Falei as duas palavras mais clichês dos aniversários:

– Não precisava! 

Bem, é fato que o bolo era simples e parecia improvisado, comprado em alguma padaria da região, e não havia bexigas, nem docinhos, contudo, mesmo assim, era muita consideração para comigo.

O feriado de Quatro de Julho tinha passado recentemente, e eu ficara encantada com a celebração da independência dos EUA. Era como o nosso Sete de Setembro, mas com mais fôlego e animação, o que me fez perceber quão patriotas eram os norte-americanos. As crianças que não tinham ido viajar no verão e ficaram na escola fazendo algum curso de férias, prepararam um desfile pelas ruas do bairro com a ajuda de seus professores. Muitos dos veranistas pararam para observar, vários deles clientes da lanchonete. Nós, que estávamos na cozinha, saímos para assistir também.

E agora, dias depois do aniversário da liberdade das treze colônias[1], era eu quem aniversariava.

– Comprei isto para você – Lena me entregou uma sacola. – Espero que goste!

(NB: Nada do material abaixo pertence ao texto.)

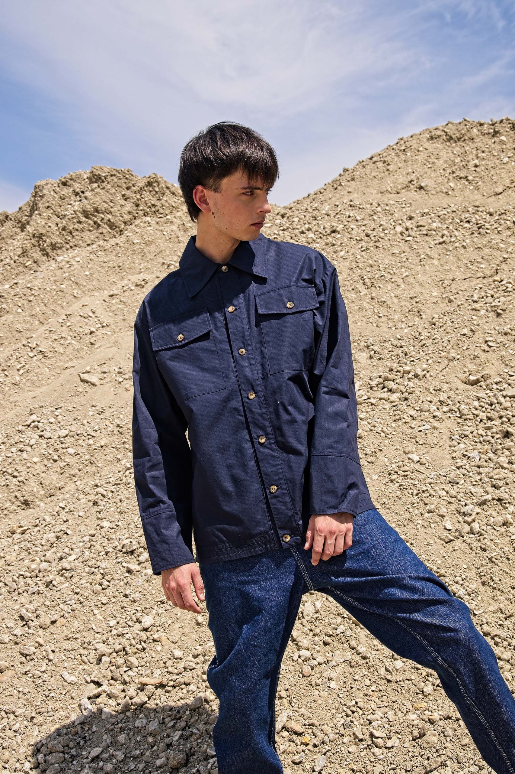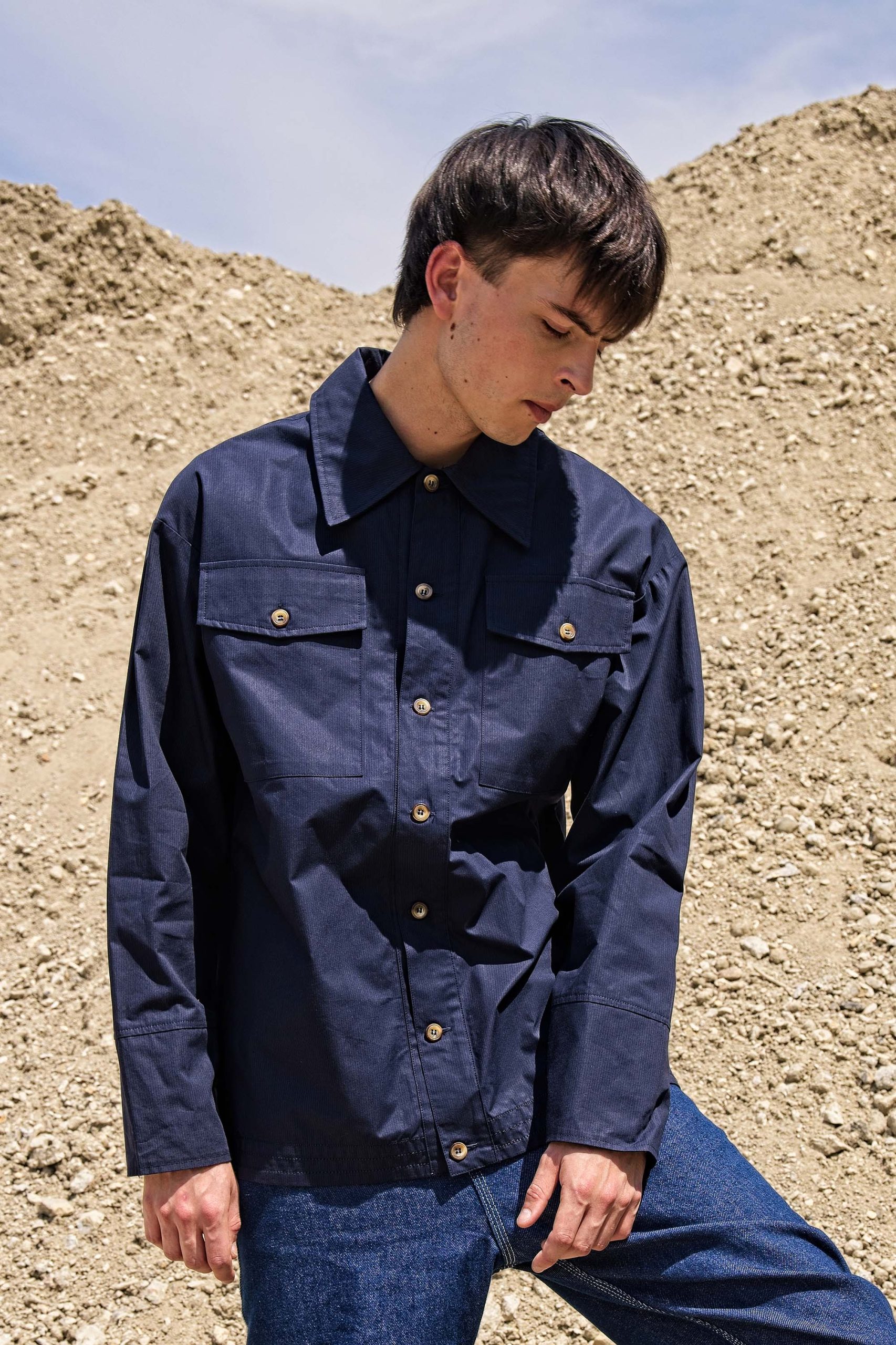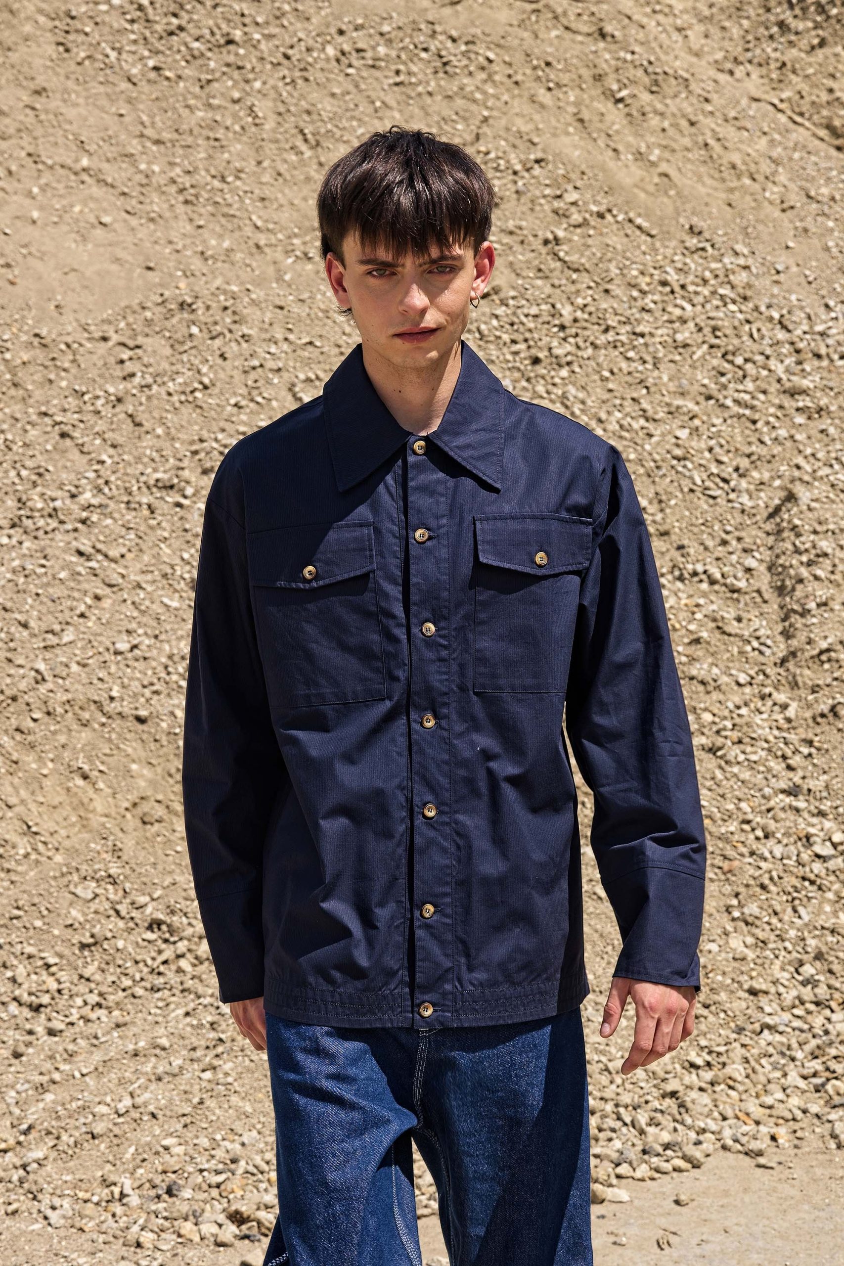 CHEMISE BLEU MARINE EN COTON ÉPAIS COL LARGE POCHES PLAQUÉES A RABAT

Eu estava tão sem graça. Era como se tivesse sido adotada por uma família rica tardiamente. Isso fazia de Kevin meu irmão adotivo, o que poderia render um roteiro de algum pornô de péssima qualidade caso nós tivéssemos algo. Mas isso parecia fora de cogitação.

Será que Lena sonhava em ter uma filha menina e estava se realizando em mim?

– Não precisava também – repeti.

– Abra!

Obedeci e retirei de dentro da sacola um embrulho, que abri com cuidado para não rasgar. Tratava-se um conjunto de saia e blazer[2] com estampa xadrez na cor amarela quase esverdeada. O xadrez é um clássico da nossa moda atual, e aquele modelo era tão lindo que, ao olhar para ele, constatei que eu ficaria parecendo uma patricinha de Beverly Hills naqueles trajes.

– É maravilhoso! Obrigada.

Ela sorriu e foi à cozinha para pegar pratinhos para cortarmos o bolo.

– Parabéns! – disse Kevin se aproximando.

– Valeu!

Com ele eu ficava mais à vontade para falar que:

– Eu não esperava. Sei que é só um bolo, mas mesmo assim, não esperava que vocês fossem se importar. Eu praticamente acabei de chegar. Peter não devia ter contado que era meu aniversário.

Omiti a parte de que eu me considerava uma quase completa estranha, ainda. Mas isso não mudava o fato de que estava me sentindo lisonjeada.

– Peter não contou. Meus pais que viram na sua ficha de funcionária. Bolo de aniversário é sempre bom, não é?

Só ali notei que Kevin também trazia um embrulho nas mãos.

– Pra você!

– O que é?

Abri e constatei que se tratava da fita da adaptação de “O Morro dos Ventos Uivantes”, a versão mais recente, de 1992.

– Tive que improvisar.

– Ah, pare! A fita é sua.

– Agora é sua. Guarde como uma lembrança de verão.

Naquela hora eu ainda não sabia que aquela seria apenas uma das lembranças que eu teria do verão com Kevin.

[1] Que em 4 de julho de 1776, se juntaram e formaram os Estados Unidos da América.

[2] Referência ao traje clássico da personagem Cher (Alicia Silverstone) no filme “As Patricinhas de Beverly Hills”.